Les salles d'audience sont des lieux où le temps se comporte différemment. Les minutes s'allongent, les mots s'installent lourdement, et le silence porte sa propre autorité. À Hong Kong, cette immobilité est revenue alors que les juges écoutaient les arguments concernant la sentence de Jimmy Lai, l'ancien éditeur dont le nom est devenu l'incarnation d'une lutte plus large pour l'expression, le pouvoir et les conséquences.
Lai, le fondateur du désormais défunt journal Apple Daily, est apparu alors que les équipes juridiques présentaient des soumissions liées à la sentence suite à sa condamnation en vertu de la législation sur la sécurité nationale. Les procédures se sont déroulées de manière méthodique, le tribunal pesant les arguments concernant l'intention, l'impact et la proportionnalité. À la fin de la session, aucune décision n'avait été prise, et le jugement a été différé.
Autrefois figure emblématique du paysage médiatique de Hong Kong, Lai a construit sa carrière autour d'une publication connue pour son ton confrontant et sa critique ouverte des autorités de Pékin et de la direction de la ville. Pour ses partisans, il représente la défiance et la persistance ; pour ses détracteurs, la provocation et la déstabilisation. Au tribunal, ces récits ont été mis de côté au profit des lois, des précédents et d'un langage juridique mesuré.
La phase de sentencing revêt un poids particulier. C'est ici que les violations abstraites se traduisent en années, mois et conditions — en conséquences qui s'étendent au-delà de la salle d'audience. Les procureurs ont soutenu que la gravité des infractions justifiait une peine substantielle, tandis que la défense a souligné l'âge, la santé et la nature non violente des actions de Lai.

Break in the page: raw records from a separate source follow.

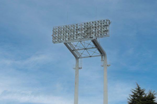 6基あるテーパーポール2本柱(高さ40m)の照明塔は、照明効率を良くする為にグラウンドより10mのはね出し方式を採用しています。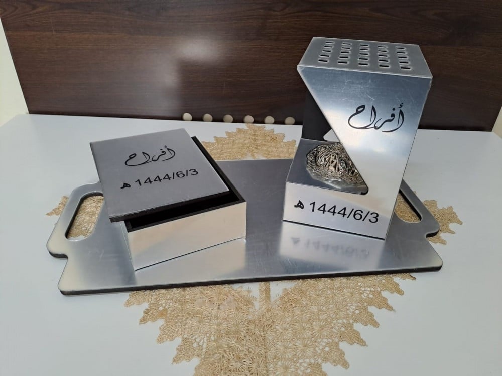 طقم مبخرة انيق مصمم بالاسم والتاريخ حسب الطلب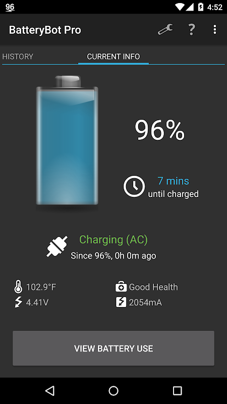 • Pil günlüğü. Pil durumu (şarj, durum, gerilim, sıcaklık) log ve CSV telefon veya ihracat üzerinde günlükleri göz atabilirsiniz.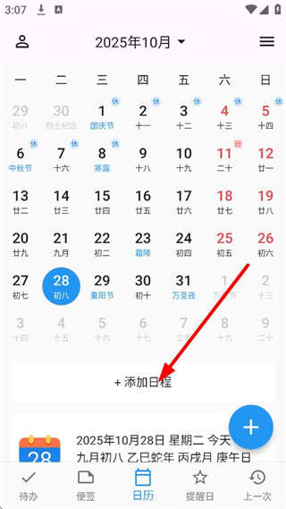 2、隨后用戶可以在日歷的首頁,點(diǎn)擊+添加日程,進(jìn)入新建日程頁面。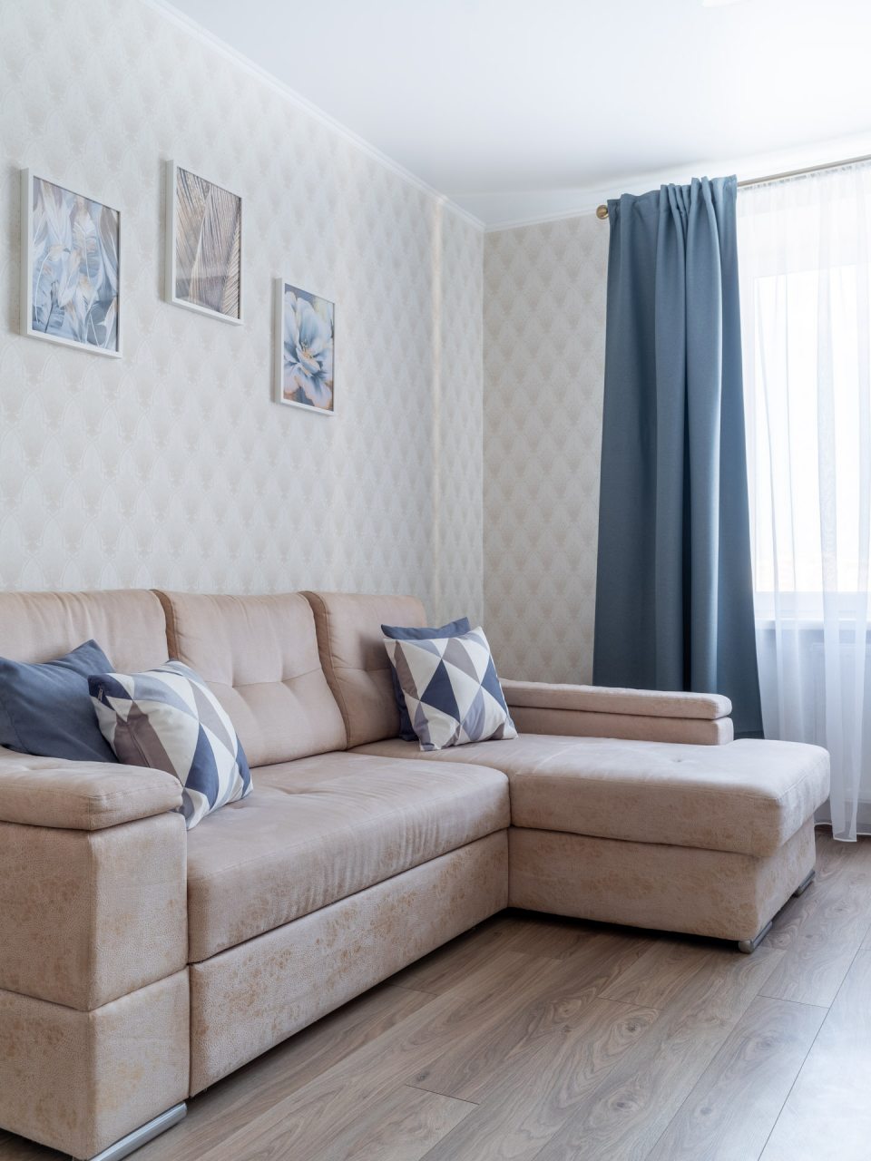 Для полноценного отдыха и проживания предусмотрены: двуспальная кровать, удобные и вместительные диваны, ЖК-телевизор, шкаф с большим зеркалом, а также ванная комната со стиральной машиной.

Dehors, la ville a poursuivi ses routines, même si l'affaire persistait dans la conscience publique. Depuis l'introduction de la loi sur la sécurité nationale, l'environnement juridique et civique de Hong Kong a considérablement changé. Des médias ont fermé, des groupes de la société civile se sont dissous, et les limites de l'expression permise se sont rétrécies, redéfinissant la manière dont la dissidence s'exprime, si tant est qu'elle s'exprime.
L'affaire de Lai s'inscrit dans cette transformation plus large. Il ne s'agit pas seulement d'un éditeur ou d'un journal, mais de la manière dont l'autorité est affirmée et contestée dans une ville longtemps habituée à l'autonomie juridique et au débat ouvert. Le retard dans la sentence ne fait guère pour résoudre ces tensions, prolongeant plutôt un moment d'incertitude.
À la fin de l'audience, le tribunal n'a pas annoncé quand une décision serait rendue. Cette absence d'immédiateté a laissé la question en suspens — non résolue, mais en attente. Dans cette attente, le sens s'accumule, façonné par le précédent, l'attente et la mémoire de ce que Hong Kong s'était autrefois permis d'être.
Pour l'instant, le marteau reste immobile. La sentence, quelle qu'en soit la forme, n'a pas encore été inscrite au dossier. Jusqu'à ce qu'elle le soit, la salle d'audience retient son souffle, et, de manière plus discrète, la ville au-delà de ses murs aussi.
Publié par Banx Network. Cet article fait partie du programme de médias décentralisés Banx, propulsé par le jeton BXE sur le XRP Ledger.